What to do with $70,000

Q – We have a 4.2% mortgage that will be up for renewal next January, with a principal balance at that time of about $23,000. Meanwhile, in August I will be receiving about $70,000 from a maturing insurance policy in Britain.
 
Our instinct is to bring the money to Canada, pay off the mortgage, and maximize our RRSP contributions for 2002, leaving us with an additional $30,000 to invest towards retirement. How do you suggest we invest the $30,000 (I’m 49, hope to retire at 60, and already have about $200,000 in RRSPs).
 
Or is there a better way to use the whole $70,000? – L.D.

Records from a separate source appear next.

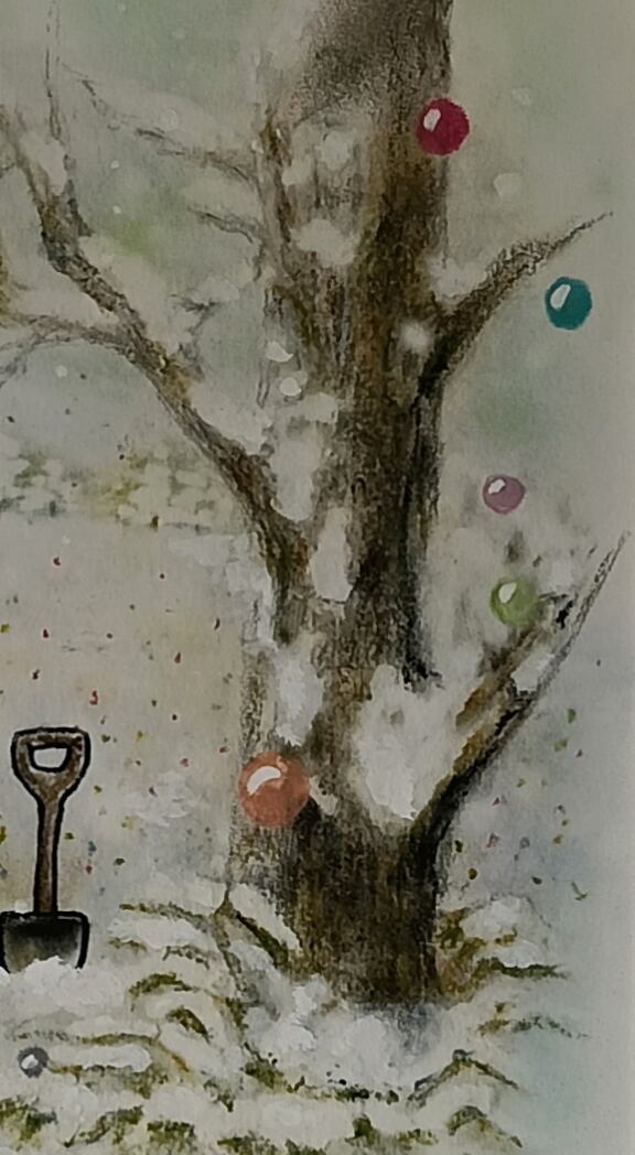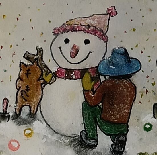 だから、もし雪が積もったなら、お揃いの黄色い手袋をはめて、一緒に雪だるまを作り、笑い合う様子を、ワクワクと想像しながら描きました。
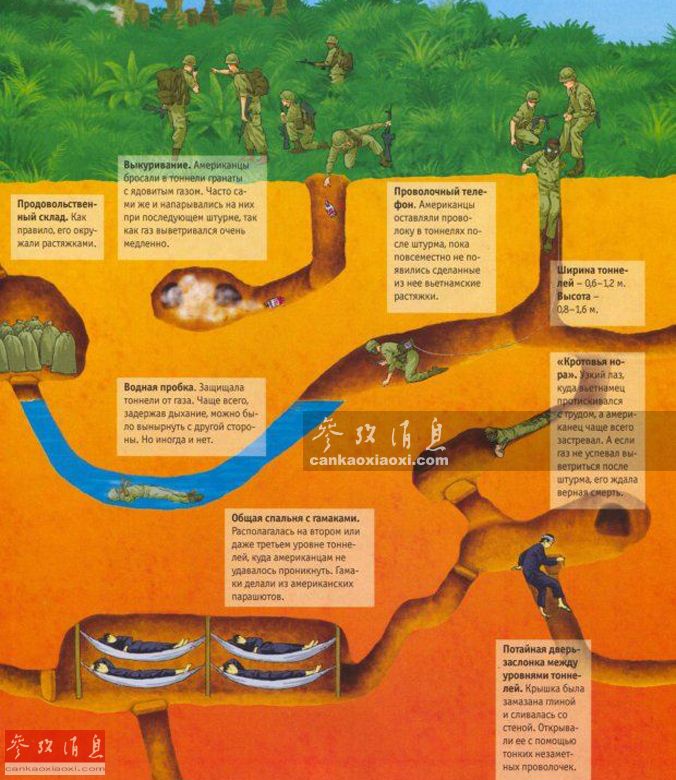 从这张剖面示意图可看出,地道除采用多层多入口设计外,还设置了各种暗门和陷阱,甚至有的地下仓库外,还设有“水道陷阱”,可将误入的美军“地鼠”淹死。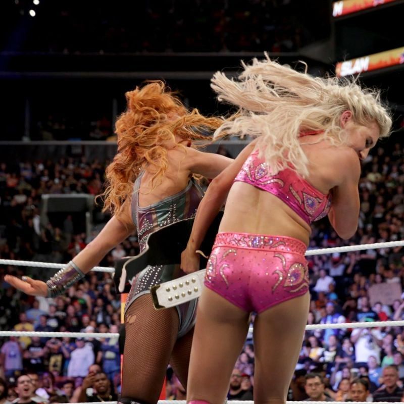 But, Becky returned the favour to Charlotte Flair. She slapped her and attacked her at ringside, showing her heel side. However, it was all fair. Charlotte just took Becky's moment from her. Even the crowd was in favour of Becky Lynch and chanted 'You Deserve It' while Becky was attacking Charlotte.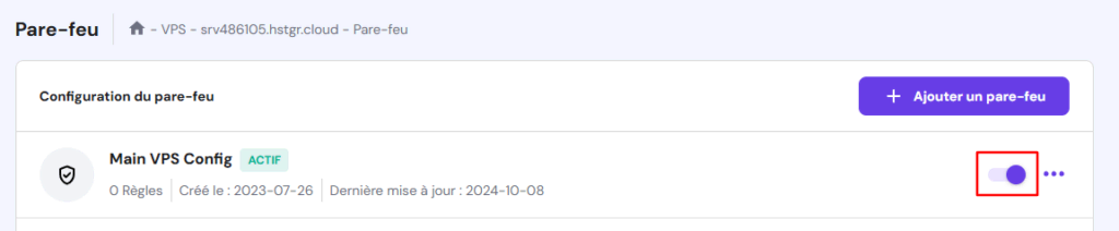 - Une fois terminé, revenez à la page Pare-feu et activez votre configuration en la basculant à droite.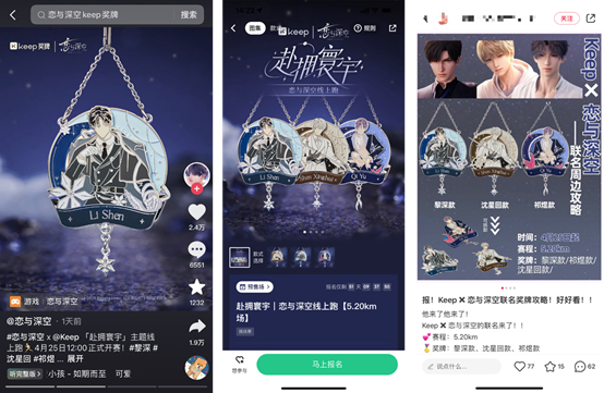 正是基于对这款游戏的深入调研和用户洞察,此次Keep与《恋与深空》联名的运动奖牌整体围绕恋爱主题、结合跑步特点,命名为“赴拥寰宇”,释义为“星河璀璨、奔赴浪漫,迈向你的每一步都值得记录”。赛程分为1.18km和5.20km,分别寓意“跨越光年”和“与你并肩”。用户只需在4月25日-6月17日期间,在Keep官方页面报名并完赛便可获得黎深、沈星回、祁煜任意一款实体奖牌。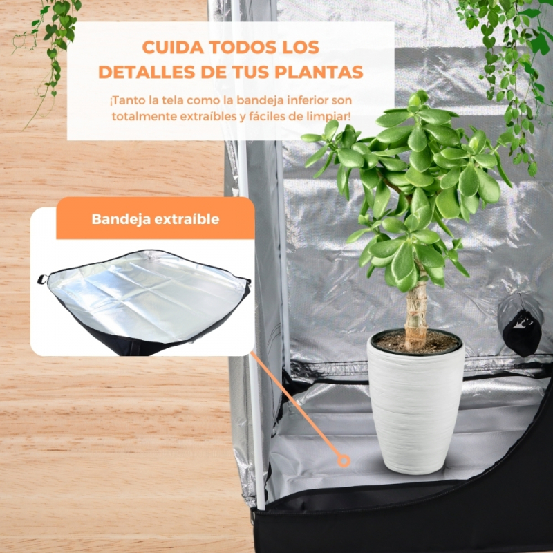 Armario de cultivo | Impermeable | Negro| Nylon | Carga max.28 kg | Fondo desmontable | Barras de sujeción |Growbox | Mobiclinic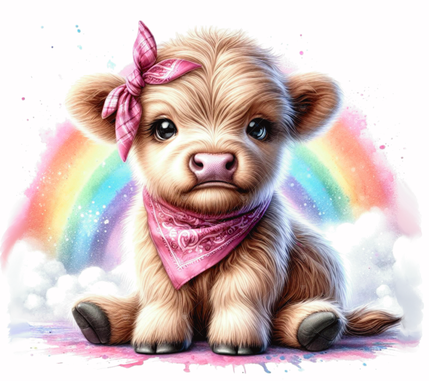- baby girl cow with rainbow and banner, PNG and JPEG format.

A – Although the interest rate on your mortgage is low right now, the probability is that it will be higher when it comes up for renewal in January because of rising interest rates. Since mortgage interest is not tax deductible, the full cost is an out-of-pocket expense for you. Let’s assume it renews at 5%. The question you have to ask is whether you can invest the money anywhere else, safely, and receive a 5% after-tax return. The answer is probably “no”, which makes paying off the mortgage a good option unless you e carrying higher-interest debt that should take priority (e.g. a credit card balance).


Maxxing the 2002 RRSP contributions is a good idea. With the remaining $30,000, why not put enough aside so that you can make your 2003 contributions in January? That will get the money working in a tax sheltered plan right away.


If there is anything left after all this, you should discuss the options with your financial advisor in the context of your other assets and your goals. – G.P.